• **TASK DIRECTIONS**:
The reply should hold only the lines below beginning at the one with "Расположена по адресу" and ending at the one with "This fresh flower", copied exactly, with every picture left out.

• **DATA SECTION**:
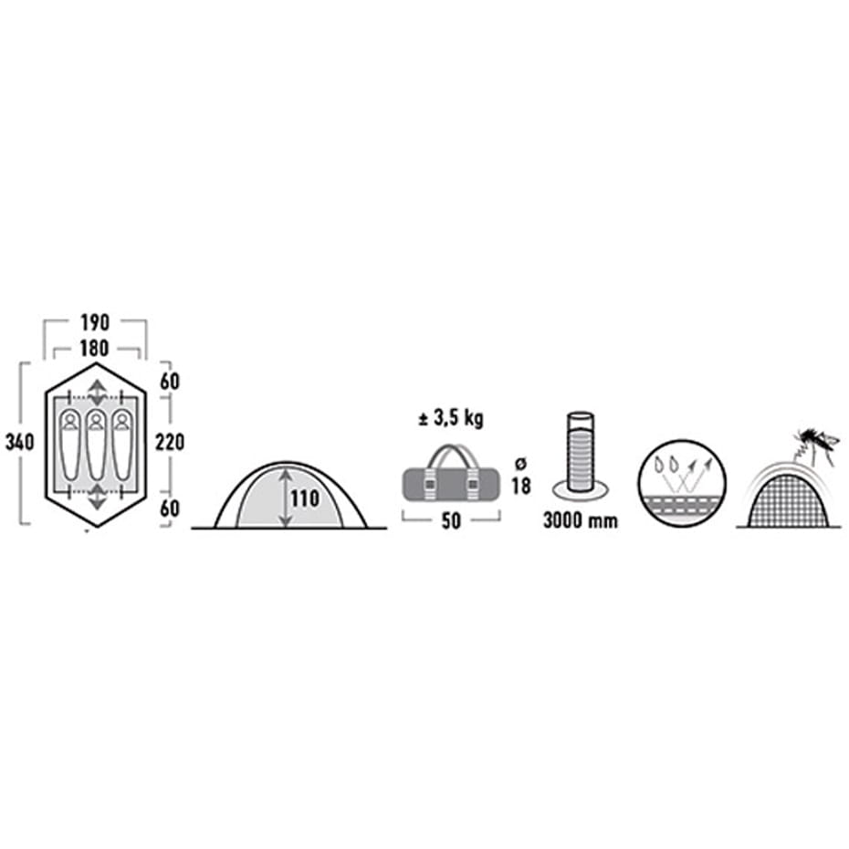 Przestronny 3-osobowy namiot typu igloo przyda się podczas kilkudniowej wycieczki za miasto i w czasie wędrówek po świecie. Dopracowana konstrukcja namiotu High Peak Woodpecker z laminowanymi szwami i wodoodpornością na poziomie 3000mm słupa wody zapewnia dobrą ochronę przed deszczem. Aby zadbać o Twój komfort, producent wyposażył wejście do namiotu w moskitierę, dzięki czemu możesz zapomnieć o nieznośnych owadach i spokojnie spać blisko natury. Odświeżony design przyciąga uwagę czerwonymi elementami, które oprócz tego, że dla bezpieczeństwa dbają o dobrą widoczność elementów konstrukcyjnych, to świetnie kontrastują z zielonym kolorem całej sylwetki namiotu. Trzyosobowy model gwarantuje wygodę wypoczynku i optymalną ilość miejsca na kilkudniową wycieczkę. Niewielkie rozmiary i waga namiotu High Peak Woodpecker zapewniają oszczędność miejsca. Kompaktowa, lekka forma sprawiają, że ten model będzie świetnym towarzyszem podczas pieszych wędrówek i rowerowych wypraw.
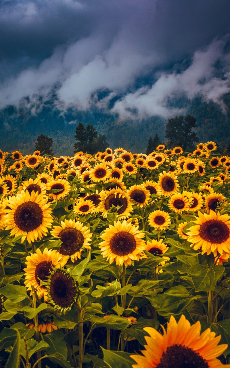 Обои: цветочное поле, горы - 800x1280
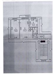 Расположена по адресу Московский проспект дом 16 на 4 этаже 5-ти этажного кирпичного дома. Общая площадь квартиры 44,4 метров, комнаты смежные 17,7 и 13,9 метров, кухня 5,8 метров, СУЗ совмещенный, застекленный балкон.
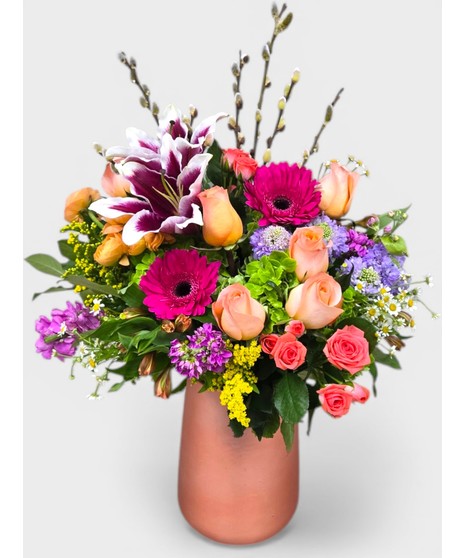 This fresh flower gift is a vibrant, garden-style arrangement bursting with color and texture, beautifully presented in a matte rose-gold ceramic vase.
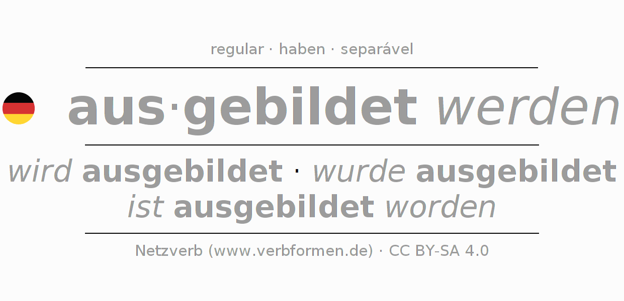 A conjugação do verbo aus·gebildet werden é apresentada online assim como a Tabela de Verbo com todas as formas verbais no singular e no plural, e em todas as pessoas (1ª pessoa, 2ª pessoa, 3ª pessoa) A flexão do verbo aus·gebildet werden é portanto, uma ajuda para os trabalhos de casa, testes, exames, aulas de alemão, para o estudo do alemão como língua estrangeira, como segunda língua e também na formação de adultos. Especialmente no aprendizado do alemão é importante a conjugação correta do verbo com as respectivamente formas flexionadas corretamente (wird ausgebildet - wurde ausgebildet - ist ausgebildet worden). Mais informações podem ser encontradas no Wiktionary ausbilden e no Duden ausbilden.
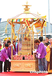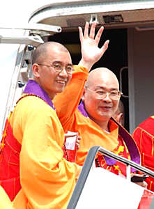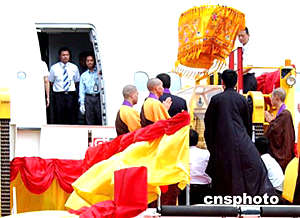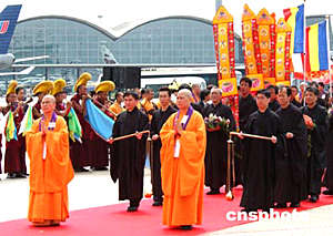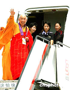 中国佛教协会副会长圣辉法师五日上午在香港国际机场登上恭送佛指舍利专机,护送佛指舍利回法门寺。中新社记者:赵振清
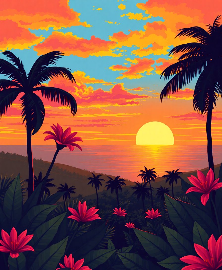 Embrace the nostalgic beauty of tropical sunsets through this engaging creative process. Moreover, each brushstroke brings you closer to completing your personal vintage masterpiece.

• **EXERCISE RESULT**:
 Расположена по адресу Московский проспект дом 16 на 4 этаже 5-ти этажного кирпичного дома. Общая площадь квартиры 44,4 метров, комнаты смежные 17,7 и 13,9 метров, кухня 5,8 метров, СУЗ совмещенный, застекленный балкон.
 This fresh flower gift is a vibrant, garden-style arrangement bursting with color and texture, beautifully presented in a matte rose-gold ceramic vase.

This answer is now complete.